As for landlords, they should view taking of necessary precautions, such as, screening tenants and conducting background checks on prospective tenants, including ensuring whatever is promised in the rental lease is provided, as their insurance for a litigation free landlord / tenant relationship. A simple click of the mouse and any landlord or property manager can visit www.e-renter.com for tenant screening and background check services. www.e-renter.com, the best tenant screening agency in America!

Subtle Landlord Discrimination Is Still Illegal

Posted by on December 6, 2006 under Landlord Tenant Lawsuits | icon: commentBe the First to Comment

The Fair Housing Acts legislated by the government and valid in all states across the country prohibits landlords from engaging in discriminatory behaviour on the basis of race, religion, or any other protected group:

  • To falsely deny a rental unit is unavailable to some applicants
  • To advertise in a manner that indicates clear preference based on group characteristics i.e. skin colour, or
  • To set a more restrictive standard, such as higher income for certain tenants
  • Refusing to make reasonable accommodation for disabled tenant needs, such as, permission for permitting guide or hearing dogs, including any other service animal.
  • To set different terms for certain tenants, such as, adoption of an inconsistent policy of responding to late rent payments, or
  • Of terminating a tenancy for a discriminatory reason.

On that cautionary note, another fair bit of advice, avoid expensive landlord / tenant litigation, by taking necessary precautions, such as, screening tenants and conducting background checks on prospective tenants. A simple click of the mouse and any landlord or property manager can visit www.e-renter.com for tenant screening and background check services. www.e-renter.com, the best tenant screening agency in America!

Illegal Tenant Discrimination

Posted by on December 5, 2006 under Landlord Tenant Lawsuits | icon: commentBe the First to Comment

There are state laws that ensure landlords do not discriminate against tenants when renting out their property. Therefore, as a landlord it behoves you to follow the state’s fair housing laws that specify, it is illegal to refuse to rent to a tenant, or reject an applicant on the basis of his / her race, religion, ethnic background, sex, or even because the applicant comes with children or a disability. As well, there are some state and local laws that prohibit discrimination on the ground’s of a person’s age, marital status or sexual orientation.

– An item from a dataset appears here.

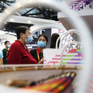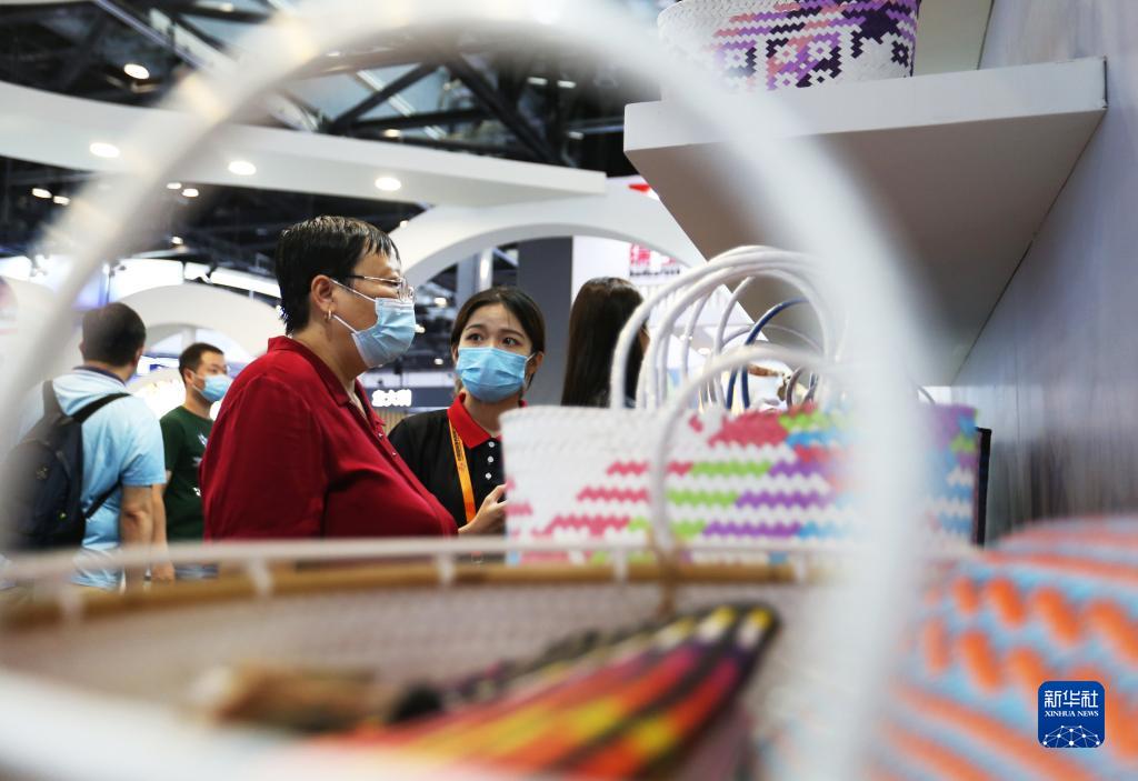 9月3日,參展商在服貿會(huì )國家會(huì )議中心展館國別展區馬來(lái)西亞沙撈越州展臺為參觀(guān)者介紹產(chǎn)品。

A landlord can freely choose from amongst prospective tenants, so long as his / her decision complies with fair housing laws and choice of tenant is based on legitimate business criteria. For example, it is perfectly legal for a landlord to reject someone who carries a poor credit history, is the recipient of insufficient income, and therefore, may not be able to pay the rental amount asked by you. Or, if past behaviour, such as, damaging property, etc., which no doubt, makes the individual a bad risk. Another, legal basis for refusing tenants is the valid occupancy policy that limits people count per rental unit, and is clearly tied to reasons of health and safety.

Landlords must keep in mind that selection standards, such as minimum income and good credit report are applied equally to all tenants.

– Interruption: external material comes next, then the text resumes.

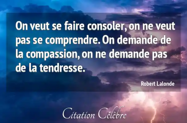 On veut se faire consoler, on ne veut pas se comprendre. On demande de la compassion, on ne demande pas de la tendresse.

Locking Out A Tenant Is Illegal

Posted by on November 30, 2006 under Landlord Tenant Lawsuits | icon: commentBe the First to Comment

What every landlord wishful of getting rid of an unwanted tenant should keep in mind, is that they can be subject to penalties for changing locks or cutting off utilities, in order to force a tenant to vacate the rental property.

No doubt, as every landlord will agree, there are occasions when tenants may sorely test your patience, tempting even a saint to bypass normal legal procedure, and take direct and immediate action to safeguard his / her rental property. Take for example; a tenant’s repeated destructive behaviour may push a landlord to consider replacing the locks and slinging the tenant’s property out on the street. Or else, if a landlord is the one responsible for paying the utility bills, may simply stop paying the bill, hoping lack of water, gas, or electricity will compel the tenant to move out.

However, no matter how bad the situation, landlords should not take matters into their own hands thinking the egregious conduct of the tenant excuses your behaviour. Nonetheless, the tenant not paying rent, leaving the property in a mess, hurling verbal abuses when approached, or otherwise acting outrageously does not constitute as valid defence. In fact, such behaviour may well land a landlord on the wrong end of a lawsuit for not only trespass, but assault, battery, slander or libel, intentional infliction of emotional distress, and wrongful eviction. Defending this lawsuit will prove far more expensive than evicting a tenant by going through the regular legal channels.

Landlords or managers of rental property should not attempt to take the law into their own hands. Taking the short route by threatening, intimidating, cutting of utilities, or attempting to physically remove a tenant is illegal and can prove to be dangerous. So, even if the eviction process may entail considerable expense and delay, it is the only kosherly legal game in town.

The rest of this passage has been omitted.